I had the dubious pleasure of graduating from Halton as a 20 year old substantive corporal airframe fitter. This was compounded by the fact that the posting I was given was to a Category 3 aircraft repair outfit – No 60 MU Aircraft Repair Flight (ARF). The minimum rank accepted on the ARF was J/T and the average age of the corporals was 30+.
As I approached RAF Church Fenton camp gates in my Austin A40 Devon Saloon it was a warm morning in September 1961. My posting instructions were to report to the No 60 MU Orderly Room. As I passed through the gates I saw a sign to No 60 MU which I was about to follow when something happened to delay that!
There was a raucous shouting: “That car stop at once, I say that car halt now”. I glanced in my rear-view mirror and saw a small, rather portly RAF corporal policeman running helter-skelter after me! I came to a halt; the window was down so I waited for him to catch up with me. Almost breathless, he told me that he was charging me with driving without due care and attention; failing to book into the guardroom on arrival; and finally, failing to stop immediately when ordered to do so by a superior officer. It was at this point I decided to get out of the car and counter these ridiculous suggestions. As I emerged I noticed his expression change as he saw the corporal stripes on my ex Halton serge blue tunic. I said I objected to him saying that he was the superior officer. I told him that I was a substantive corporal and that I suspected that he was either an Acting or Temporary corporal! His expression changed dramatically then; to a bright red hue as he rocked back and forwards on the balls of his feet in a complete quandary about what to do next! He then turned around and marched himself angrily back to his guardroom.

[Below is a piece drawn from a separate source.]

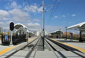 Sky Ridge station is a light rail station in Lone Tree, Colorado, part of the Regional Transportation District (RTD) system in the Denver metropolitan area. It is served by two lines: the E Line to Union Station and R Line to Aurora.[3] However, the R Line currently terminates at Lincoln station due to low ridership in this area of Lone Tree which is still under construction and amid generally lower ridership due to the impact of the COVID-19 pandemic on public transport.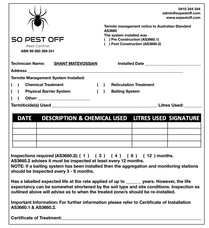 You should possess a termite management certificate, a durable notice (often found inside the meter box), and documentation from the builder or pest control company. These documents will detail the type of system installed, the installation date, and the maintenance schedule, ensuring you are informed about your property’s protections.

Being left to my own devices I made my way to the 60MU orderly room, filled in the paperwork, and was then told that the OC, Wing Commander Dunphy wanted to see me. I was to go to the outer office where I would meet his batman, a Geordie AC2 whose dialect I couldn’t understand. The door opened and I walked in, saluted and was asked to sit down and take my beret off. He explained the workings of the ARF commanded by an ex-brat Flt Lt Alderson and that as I was a full corporal without experience he was going to put me working with another ex-brat Cpl Tech Tony Dovner. He thought that I would be well suited to the cat 3 world with my Halton training and said he knew this because he had commenced his life as a brat at Halton as well. I was to make my way to the corporal’s canteen at the other side of the hangar and make my name known to Cpl Dovner. As I walked over the hangar floor I heard the conversation going on which said: “Have you heard the latest: there’s a brat from Halton posted in and that’s not all: he’s coming here as a substantive corporal! There was uproar. I thought now is the time to kill this so I walked in and said to them that they were talking about me! This quietened them down. Oh it’s you is it? Yes, I said. Is Tony Dovner here? Yes, came to voice from behind the tea counter I looked at him and saw that he was a tall elegant Gregory Peck look-alike!
That’s my story at the commencement of working life.